Весь путь до «Багратиона» папа не проронил ни слова, только подозрительно оглядывался. В жаркий день на нем был его приличный костюм цвета маренго, дважды побывавший в чистке, рубашка с глухим воротом и галстук, повязанный толстым узлом. Во всем облике моего старика чувствовалась не понятная мне, но отчаянная решимость.
Мы выбрали дальнюю кабинку возле окна, хотя не много их было занято в глубине зала и никто бы нам особенно не мешал: в одной гудела компания азербайджанцев, в другой лопотали по-французски четверо негров — наверно, из «Лумумбы», еще в двух-трех сидели парочки, премного занятые друг другом, а здесь нас мучило солнце и донимал уличный шум. Но папа так решил, и я не стал возражать.
Официантки нам, ясное дело, не светило скоро дождаться, но сам заведующий, он же бармен, не торопясь, вышел нас обслужить. Он принес нам по шашлыку на овальных никелированных тарелочках, подстелив под них синие бумажные салфетки, побрызгал из одной бутылки чем-то винно-красным, из другой — бледно-желтым, посыпал из руки жемчужными полуколечками лука и пахучим зеленым крошевом. Было в этом что-то мило домашнее. Папа его попросил завести музыку. Он молча кивнул и удалился за свою стойку.
Папа зачем-то поглядел под стол, попробовал откинуть спинку дивана, заглянул за портьеру и, приступив наконец к шашлыку, спросил:
— Ты понял, кто у нас поселился?
— О, да! На этот счет у меня никаких сомнений.
— Так ты таки ничего не понял!
Он приблизил ко мне лицо, изрезанное морщинами, с тонким хищным носом и ястребиными, табачного цвета, округлившимися глазами, — лицо Шерлока Холмса, только не с Бейкер-стрит, а откуда-нибудь из Бердичева, — и задышал на меня барашком, кинзой и луком.

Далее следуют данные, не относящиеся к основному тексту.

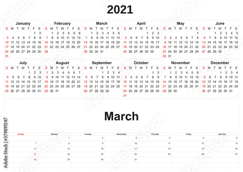 2021 annual calendar with white background.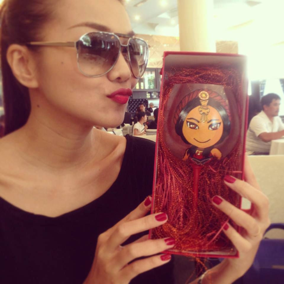 | Người mẫu Thanh Hằng khoe tác phẩm chân dung của mình trong bộ phim Mỹ Nhân Kế do Tuấn Khôi thực hiện. Nhiều nghệ sĩ khác cũng đặt hàng Khôi vẽ chân dung. Ảnh: TH. |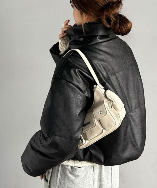 【素材】 表地:合成皮革 裏地:ポリエステル100% 中綿:ポリエステル100%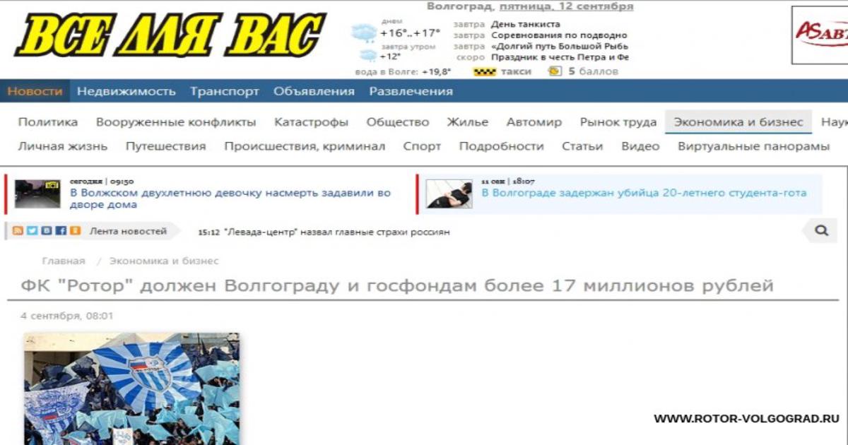 Кроме ФК "Ротор" в списке должников значится ФБУ «Подводречстрой» с суммой долга в размере 8,6 млн. рублей, а также ООО «Волгоградский завод оросительной техники и жилищно-коммунального хозяйства», задолжавший бюджету Волгограда 5,3 млн. рублей».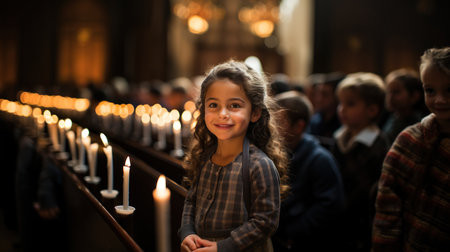 Cute little girl in a church with candles in the background.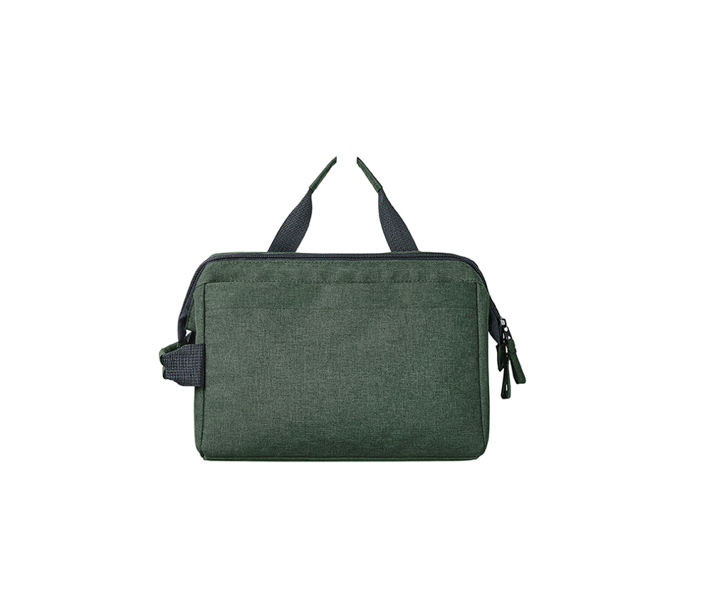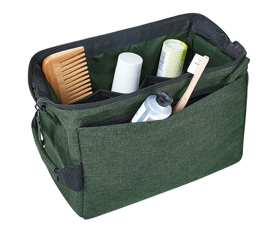 Stylish zip pocket bag with sturdy metal hoop opening for upright standing or hanging; rPET outer material; large, padded main compartment, with various organiser elements; front pocket with zip; handle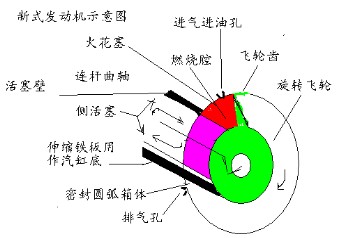 如圖所示:做功之初,提起活塞,首先將伸縮鐵板插進密封圓弧箱體內用作汽缸底,飛輪齒用作汽缸頂,進油進氣后,推進活塞,壓迫油氣做功,飛輪旋轉帶動車體運動。最后排出廢氣復位,重復做功。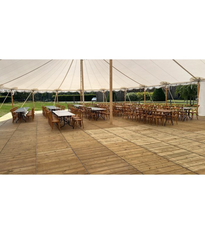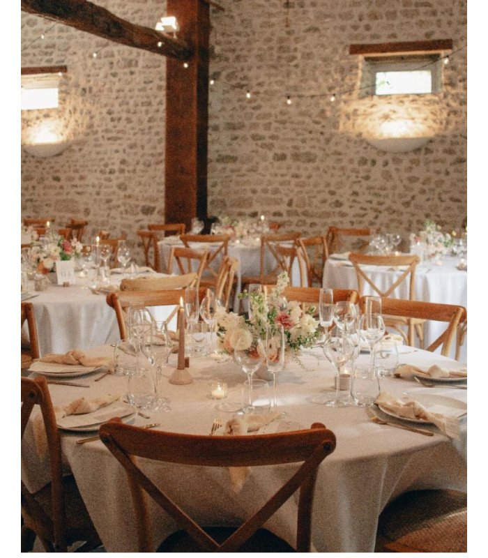 For a harmonious look, combine this Provence wooden chair with our rustic wedding tables available for hire. We offer a wide range of wooden reception furniture, perfectly designed to create a warm atmosphere: benches, round tables, sideboards, floral arches, bar tables, and natural decorative elements.

— Мы с мамой уже давно догадались. Уголовники. Обыкновенные уголовники. Но не простые, а — международного класса. Уверяю тебя, их наверняка разыскивает Интерпол.
Я отшатнулся.
— Папа, что ты говоришь! Они прежде всего — русские.
— Да? Они тебе показали паспорт? Они тебе показали фитюльку — и то на одну секунду. Дай мне сигарету, пожалуйста, мама не почует, что я курил… Да? Ну, и что — что русские? Почерк у них — явно международный. Ты слышал, как они шантажируют по телефону каких-то людей, и в особенности — женщин? По чужому телефону! И ты не почувствовал, что это какой-то условный шифр? Это же так ясно. Это их жертвы! Как я думаю, если хочешь знать мое мнение, они послали этим людям подметные письма с требованием — положить туда-то такую-то сумму, но те почему-то не поддались на провокации, и отсюда эти угрозы. Ты слышал, чем они угрожают? «Тебе, падла, по земле не ходить». И ты меня станешь уверять, что они — оттуда? — Папа, с брезгливой гримасой, помахал вилкой. — Не-ет! Там себе такого не позволяют. Там серьезное государственное учреждение. Там, конечно, не ангелы служат, у них свои «но», не будем здесь говорить… Но на такие штуки там не идут!
— Да почему ты думаешь? Почему мы все думаем, что есть какие-то штуки, на которые они не пойдут?
— Я знаю, — сказал папа, для вящей убедительности закрыв глаза. — Я знаю, если говорю.
— Но у них же… аппаратура.
Странно, это было единственное, что я нашел возразить.
— Хо-хо! — сказал папа. — Достать аппаратуру — это теперь не такая проблема. Наверняка ее где-нибудь делают подпольно — и не хуже, чем у японцев.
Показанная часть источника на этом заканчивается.